Mr Fahim, who had been in contact with Mr Duncan through online messages, said he and a search party, including a local hiking group, had exhausted every route Mr Slater might have taken. trace back.

One of the group, Milly, who lives on the island and knows the area well, said: “My group and I live here, we don’t need accommodation.

“We didn’t get a bottle of water. We didn’t get anything and we won’t take it. We didn’t even have a thank you.”

Mr Fahim, who along with Mr Arnott is one of several TikTokers who joined the search, said he paid for a flight to Tenerife himself.

“It’s getting out of control. The situation here is very dangerous right now,” he said. “I had death threats.

“I had a long conversation with her [Ms Duncan] and I’ve decided that I’m withdrawing.”

On Thursday afternoon, Miss Duncan addressed the speculation about the GoFundMe in a post on a Facebook group set up to help find her son.

The message, posted by her friend, read: “For those of you who are more concerned about the Gofundme page I can assure you that it has not been used so far and that our stay so far has been self-funded.

“I have proof of transactions and transfers to other people but I shouldn’t have to justify that.

“So you can make up your own mind. If any of you in this group have donated I’m grateful.”

The hunt took place in the northern village of Masca, near the latest site known as Mr. Slater, in a steep rocky area, ravines and paths.

Helicopters, drones and search dogs were deployed to find the apprentice bricklayer from Oswaldtwistle, Lancashire, but were unsuccessful.

Ms Duncan wrote that although the police land search – which had “every resource at its disposal” – ended, “officers will continue their investigations into why Jay traveled to the scene so far from his accommodation”.

The last place Jay Slater was known

Mr Slater traveled to Tenerife with friends on June 13 to attend a music festival at Papagayo nightclub in the southern resort of Playa de las Americas on June 16.

After leaving the event, he got into a car early the next morning and traveled to a small Airbnb in Masca with two menwhich the police said was not “relevant” to the case.

At 8.30am on June 17, he called his friend Lucy Law, telling her he had missed his bus and tried to walk back to his accommodation.

He said he had “cut his leg” on a cactus, had “no idea where he was”, was “lost in the mountains” and his phone battery was at “1%”, Ms Law said. Shortly after, his battery ran out and he was reported missing at 9.04am.

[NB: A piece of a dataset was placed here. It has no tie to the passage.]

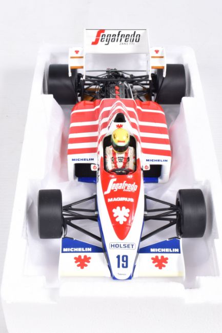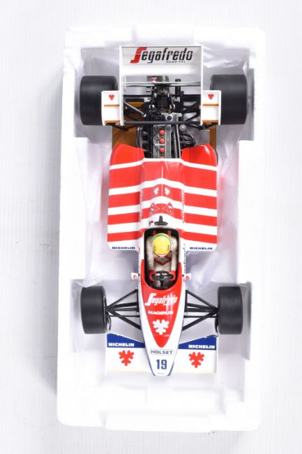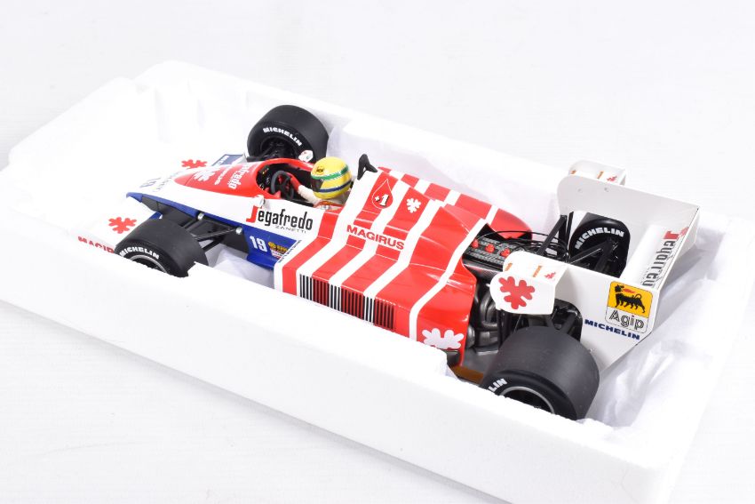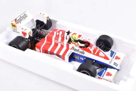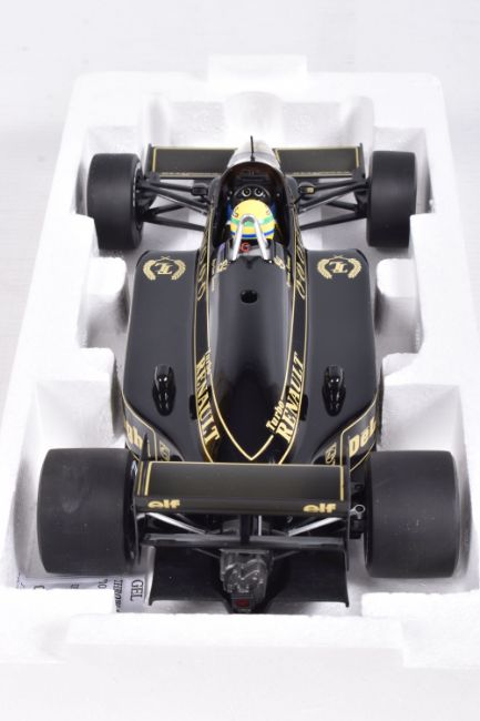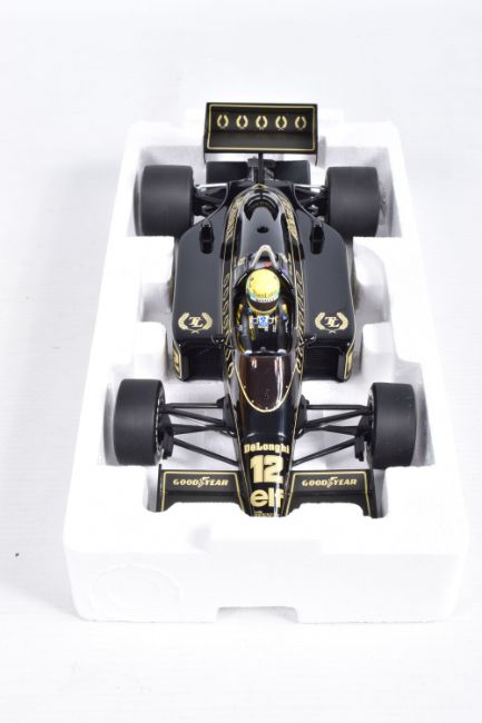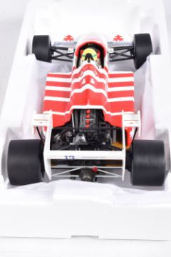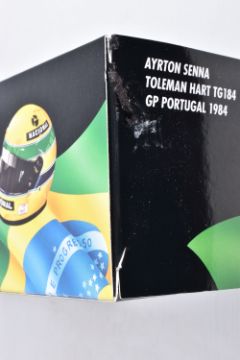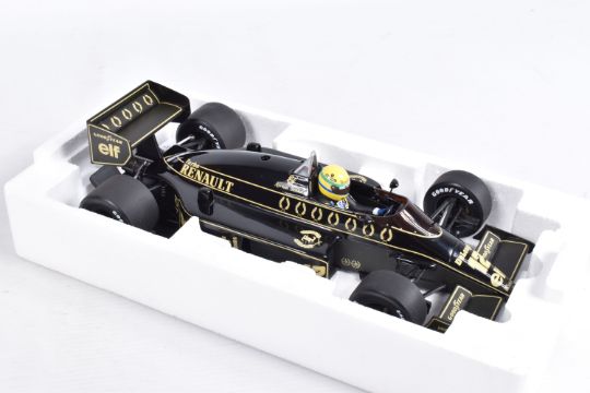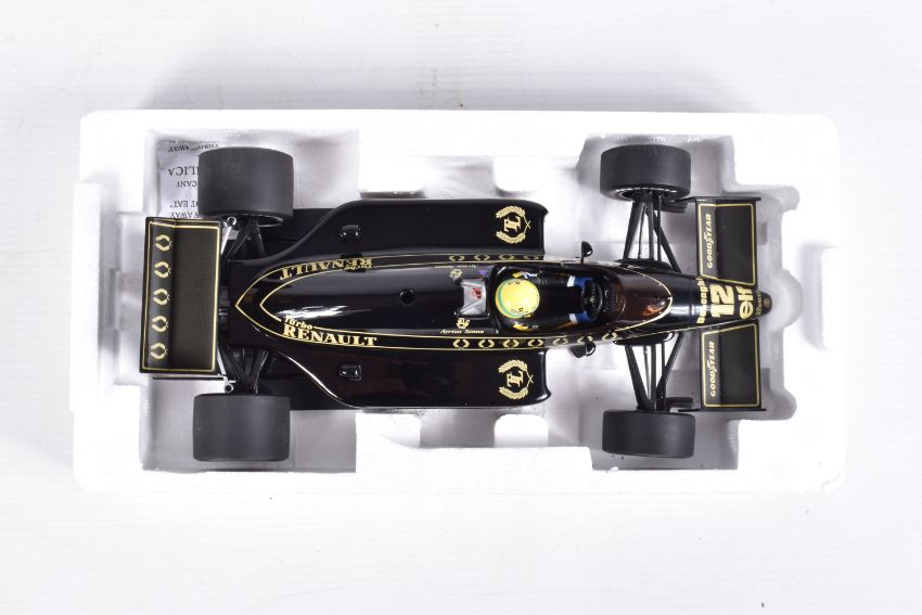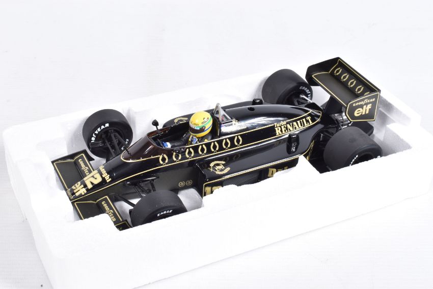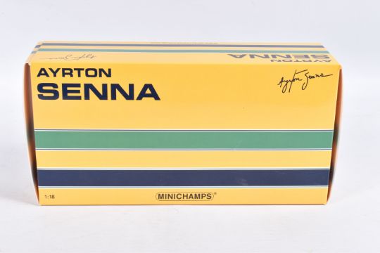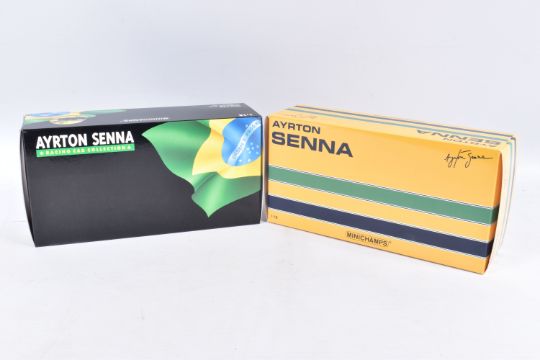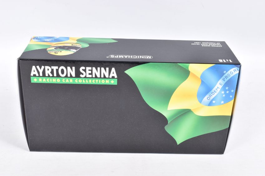 TWO BOXED MINICHAMPS AYRTON SENNA 1:18 SCALE DIECAST MODEL VEHICLES, the first a Toleman Hart TG184 GP Portugal 1984, numbered 540 841889, model is white and red striped signed Segafredo Zanetti Magirus to various panels, seated driver with yellow helmet, the second model is a Lotus Renault 98T Ayrton Senna 1986, numbered 540 861812, model is black with gold details, singed Turbo, Renault, De'Longhi and Elf sponsors, numbered 12 to front, both models appear in new condition inside their polystyrene packing and outer cardboard boxes

His last known location was in the Rural Park of Teno, near Masca.

A local cafe owner previously told Sky News Mr Slater tried to catch a bus back to Los Cristianos, where he was staying.

Ofelia Medina Hernandez said she spoke to the teenager at 8am on the day he went missing, telling him a bus was due at 10am – but he left on foot.

She said she drove past him “walking fast”.

The Civil Guard last Friday asked volunteers to join a new search in the Mascaise area on Saturday.

A handful of volunteers showed up to help rescue teams, and a group of 30 to 40 people were scouring a vast area of ​​rugged, hilly terrain.

Mr Slater’s family say they now plan to arrange for groups of volunteers who have experience of the terrain and know the area, and will provide food and water.